There will always be pigeons in books and in museums, but these are effigies and images, dead to all hardships and to all delights. Book-pigeons cannot dive out of a cloud to make the deer run for cover, or clap their wings in thunderous applause of mast-laden woods. Book-pigeons cannot breakfast on new-mown wheat in Minnesota, and dine on blueberries in Canada. They know no urge of seasons; they feel no kiss of sun, no lash of wind and weather. They live forever by not living at all.

Our grandfathers were less well-housed, well-fed, well-clothed than we are. The strivings by which they bettered their lot are also those which deprived us of pigeons. Perhaps we now grieve be- cause we are not sure, in our hearts, that we have gained by the exchange. The gadgets of industry bring us more comforts than the pigeons did, but do they add as much to the glory of the spring?

 

It is a century now since Darwin gavé us the first glimpse of the origin of species. We know now what was unknown to all the preceding caravan of generations: that men are only fellow- voyagers with other creatures in the odyssey of evolution. This new knowledge should have given us, by this time, a sense of kinship with fellow-creatures; a wish to live and let live; a sense of wonder over the magnitude and duration of the biotic enterprise. Above all we should, in the century since Darwin, have come to know that man, while now captain of the adventuring ship, is hardly the sole object of its quest, and that his prior assumptions to this effect arose from the simple necessity of whistling in the dark. These things, I say, should have come to us. I fear they have not come to many.

For one species to mourn the death of another is a new thing under the sun. The Cro-Magnon who slew the last mammoth thought only of steaks. The sportsman who shot the last pigeon thought only of his prowess. The sailor who clubbed the last auk thought of nothing at all. But we, who have lost our pigeons, mourn the loss. Had the funeral been ours, the pigeons would hardly have mourned us. In this fact, rather than in Mr. DuPont’s nylons or Mr. Vannevar Bush’s bombs, lies objective evidence of our superiority over the beasts. …

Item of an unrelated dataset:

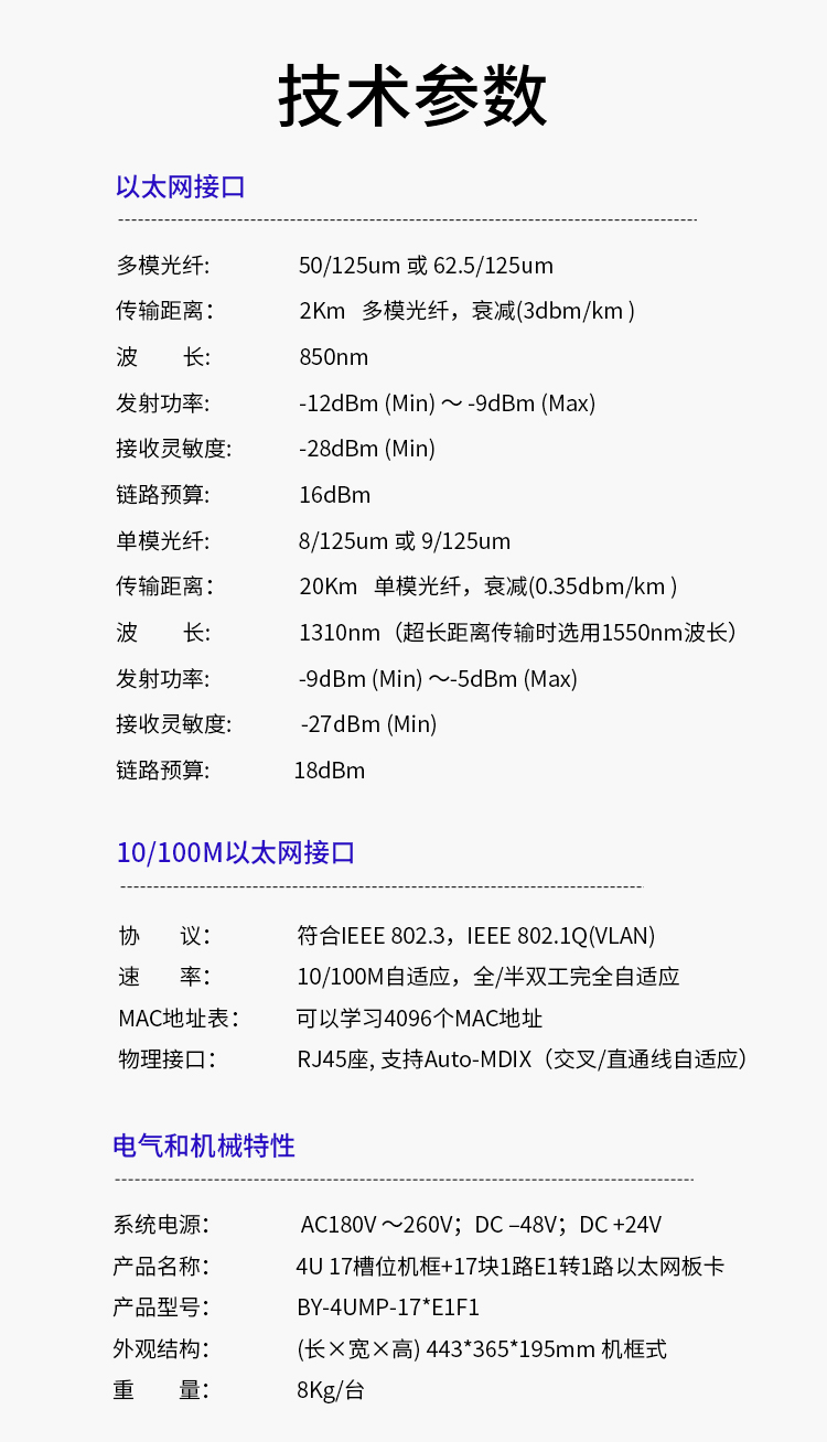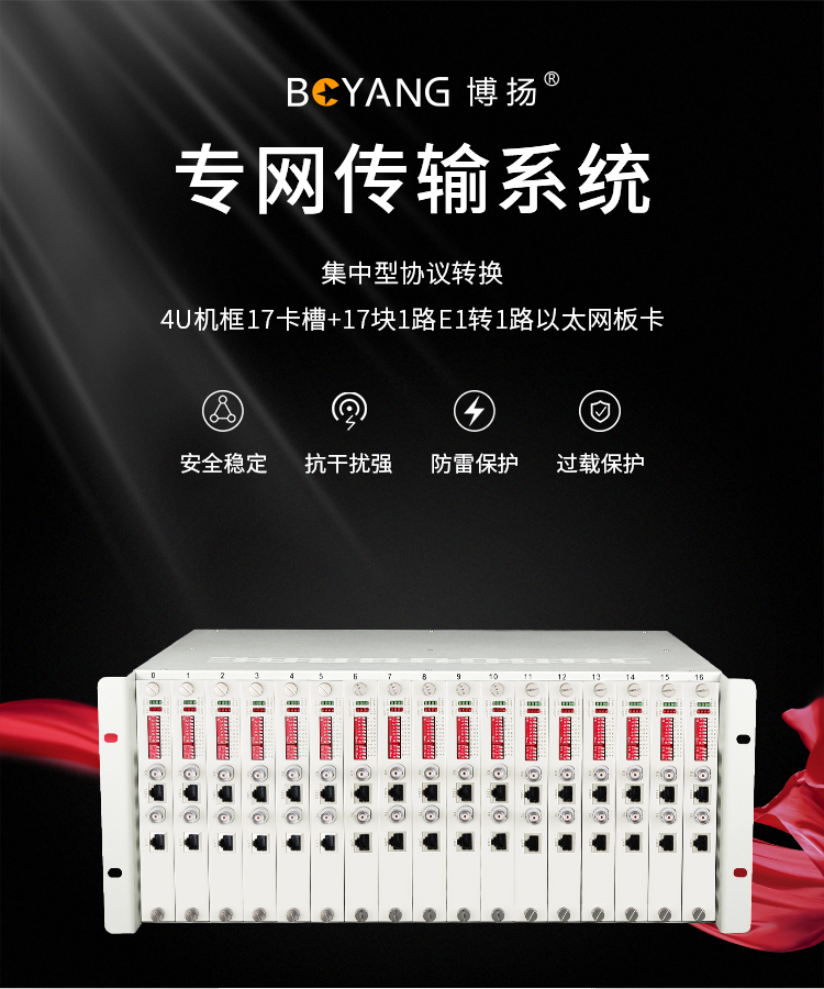博扬 4U机框 17卡槽 配17块1路E1转1路以太网板卡 机架式双电源 BY-4UMP-17*E1 白色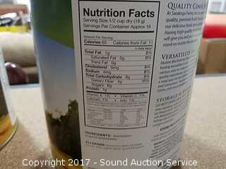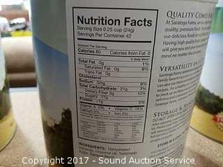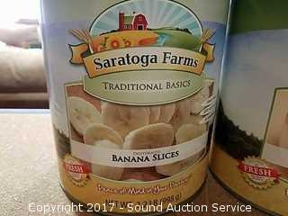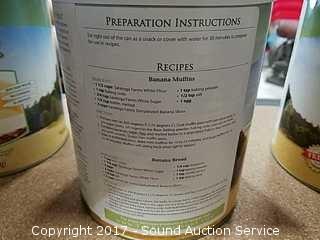 One 10 oz freeze dried marion blackberries, one 2.2lb can of dehydrated banana slices. Both packaged in 2015.

We are told by economic moralists that to mourn the pigeon is mere nostalgia; that if the pigeoners had not done away with him, the farmers would ultimately have been obliged, in self-defense, to do so.

This is one of those peculiar truths that are valid, but not for the reaons alleged.

The pigeon was a biological storm. He was the lightning that played between two opposing potentials of intolerable intensity: the fat of the land and the oxygen of the air. Yearly the feathered tempest roared up, down, and across the continent, sucking up the laden fruits of forest and prairie, burning them in a traveling blast of life. Like any other chain reaction, the pigeon could survive no diminution of his own furious intensity. When the pigeoners subtracted from his numbers, and the pioneers chopped gaps in the continuity of his fuel, his flame guttered out with hardly a sputter or even a wisp of smoke.

 
 

Today the oaks still flaunt their burden at the sky, but the feathered lightning is no more. Worm and weevil must now perform slowly and silently the biological task that once drew thunder from the firmament. The wonder is not that the pigeon went out, but that he ever survived through all the millennia of pre-Babbittian time.

The pigeon loved his land: he lived by the intensity of his desire for clustered grape and bursting beechnut, and by his contempt of miles and seasons. Whatever Wisconsin did not offer him gratis today, he sought and found tomorrow in Michigan, or Labrador, or Tennessee. His love was for present things, and these things were present somewhere; to find them required only the free sky, and the will to ply his wings.

To love what was is a new thing under the sun, unknown to most people and to all pigeons. To see America as history, to conceive of destiny as a becoming, to smell a hickory tree through the still lapse of ages—all these things are possible for us, and to achieve them takes only the free sky, and the will to ply our wings. In these things, and not in Mr. Bush’s bombs and Mr. DuPont’s nylons, lies objective evidence of our superiority over the beasts.